Researchers at Facebook say they've developed a new system called a neural transcompiler capable of converting code from one high-level programming language like Java, Python, or C++ into a different code, according to a study posted on a preprint website.
Facebook AI researchers create inter-code translation system
The system is unsupervised, which means it seeks previously undetected patterns in data sets without guiding labels and a minimal degree of human supervision, reports Venture Beat.
Notably, it reportedly outperforms rule-based guidelines other systems use for code translation by a "significant" margin.
"TransCoder can easily be generalized to any programming language, does not require any expert knowledge, and outperforms commercial solutions by a large margin," wrote the coauthors of the preprint study. "Our results suggest that a lot of mistakes made by the model could easily be fixed by adding simple constraints to the decoder to ensure that the generated functions are syntactically correct, or by using dedicated architectures."
Moving an existing codebase to a modern and more efficient language like C++ or Java takes serious expertise in both source and target languages — a typically pricey process. Commonwealth Bank of Australia spent roughly $750 million in a five-year timespan to convert its platform from COBOL to Java script. While Transcompilers are technically of help here — they cut out the need to rewrite new code from scratch — they're also difficult to build because disparate languages have varying syntax and use distinctive platform APIs, variable types, and standard-library functions, reports Venture Beat.
Facebook's New TransCoder system
Called TransCoder, Facebook's new system can translate between Java, C++, and Python — completing difficult tasks without the supervision such projects typically require. The new system is first initialized with cross-lingual language model pretraining — a process that maps partial code expressions whose meanings overlap to identical representations independent of programming language.
Input source code sequences are masked out on a random basis, and TransCoder is tasked with predicting which masked-out portions are which based on larger contexts.
The process — called denoising auto-encoding — trains TransCoder to generate valid sequences, even when noisy input data is provided. Then back-translation allows TransCoder to generate parallel data later used for additional training.

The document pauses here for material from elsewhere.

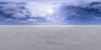 Endless salt flat under sunny skies with the sun visible. Clouds add depth to the expansive desert landscape. An inspiring daytime view of open space.

TransCoder's cross-lingual training comes from how many common tokens — also called anchor points — exist across various programming languages. These come from common keywords like "while," "try," "for," and "if," in addition to digits, English strings, and mathematical operators that show up in the source code.
Back-translation helps the system improve code translation quality by pairing a source-to-target model with a "backward" target-to-source model trained in the opposite string direction. The target-to-source model is used to translate target sequences into source language, which creates noisy source sequences — while the source-to-target model reconstructs target sequences from noisy sources until the two mutually-inverted models converge into one.